Please take a look. (I have backed this out of R-patched.)
Comment 3 Rob Hyndman 2013-07-23 05:49:30 UTC
OK. That is being caused by a degenerate model being fitted (where the standard error of the coefficient will always be infinite). The author is attempting to fit a model with a time trend, but including both first and seasonal differencing, which makes the time trend redundant.

Even before my proposed fix, the ARIMA model was returning NaN for the trend coefficient. With the proposed fix, the problem is simply being captured earlier.

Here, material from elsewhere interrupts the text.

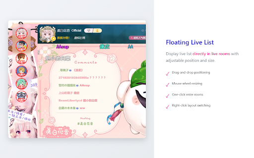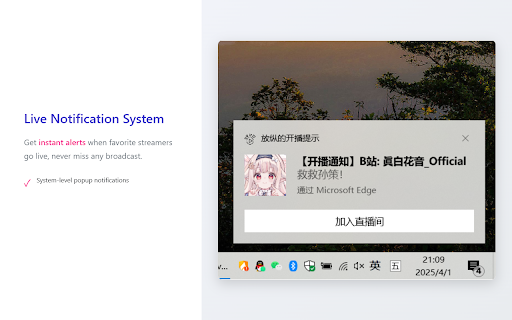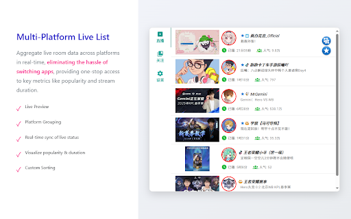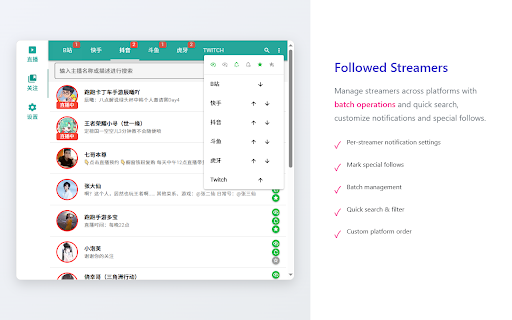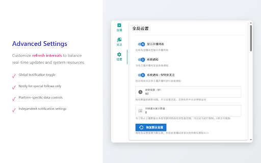 聚合抖音、虎牙、哔哩哔哩、twitch 等平台的开播提醒,主播上线第一时间通过系统通知告知您 • 智能数据同步 主播粉丝:不再错过心仪主播的每次开播 ⚡ 全局显示开关:在所有直播间侧边展示开播列表 一键恢复默认:快速重置所有个性化设置 自定义刷新频率 • 用户场景 安装即用 数据控:实时查看直播间人气/开播时长等数据 • 多平台直播聚合助手 • 多平台用户:免去反复切换app查看直播状态的烦恼 深度定制体验 只需一次登录,即可享受跨平台直播管理服务!(部分平台需在设置中启用实时关注功能) 平台级控制:单独管理各平台的通知/显示权限 支持单独平台通知开关 🎛️ • 🔔 🌟 🔄 📦 • • 核心功能 • 实时跨平台通知

It *should* be returned as an error, or at least as an estimate with infinite variance.

Let me think about how to handle that more gracefully and get back to you.


(In reply to comment #2)
> Unfortunately the revised version fails in caschrono:
> 
> Errors in running code in vignettes:
> when running code in ‘Anx5.Rnw’
>   ...
> > x1 = as.matrix(seq(1, length(y2)))
> 
> > x2 = as.matrix(seq(1, length(y2))^2)
> 
> > (m1 = Arima(y2, order = c(1, 1, 0), seasonal = list(order = c(0, 
> +     1, 1), period = 12), xreg = x1))
> 
>   When sourcing ‘Anx5.R’:
> Error: non-finite value supplied by optim
> 
> Please take a look. (I have backed this out of R-patched.)
Comment 4 Rob Hyndman 2013-07-31 06:11:10 UTC
Here is an alternative that will proceed with the existing approach if the model on differenced data is degenerate. 

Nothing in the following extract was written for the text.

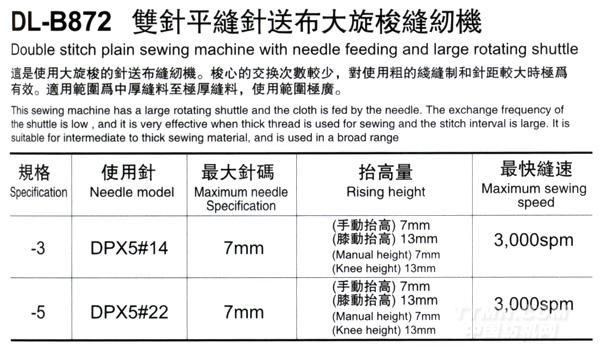 雙針平縫針送布大旋梭縫紉機 DL-B872

Replace line 195 of arima.R with the following:

dx <- x
dxreg <- xreg
if(order[2L] > 0) {
  dx <- diff(dx, 1, order[2L])
  dxreg <- diff(dxreg, 1, order[2L])
}
if(seasonal$period > 1 & seasonal$order[2L] > 0) {
  x <- diff(dx, seasonal$period, seasonal$order[2L])
  dxreg <- diff(dxreg, seasonal$period, seasonal$order[2L])
}
if(length(dx) > ncol(dxreg))
  fit <- lm(dx ~ dxreg - 1, na.action = na.omit)
else
  fit <- list(rank=0)
if(fit$rank==0) {
  # Degenerate model. Proceed anyway so as not to break old code
  fit <- lm(x ~ xreg - 1, na.action = na.omit)
}


(In reply to comment #2)
> Unfortunately the revised version fails in caschrono:
> 
> Errors in running code in vignettes:
> when running code in ‘Anx5.Rnw’
>   ...
> > x1 = as.matrix(seq(1, length(y2)))
> 
> > x2 = as.matrix(seq(1, length(y2))^2)
> 
> > (m1 = Arima(y2, order = c(1, 1, 0), seasonal = list(order = c(0, 
> +     1, 1), period = 12), xreg = x1))
> 
>   When sourcing ‘Anx5.R’:
> Error: non-finite value supplied by optim
> 
> Please take a look. (I have backed this out of R-patched.)
Comment 5 Brian Ripley 2013-07-31 09:44:31 UTC
Thanks, incorporated now and ported to R-patched.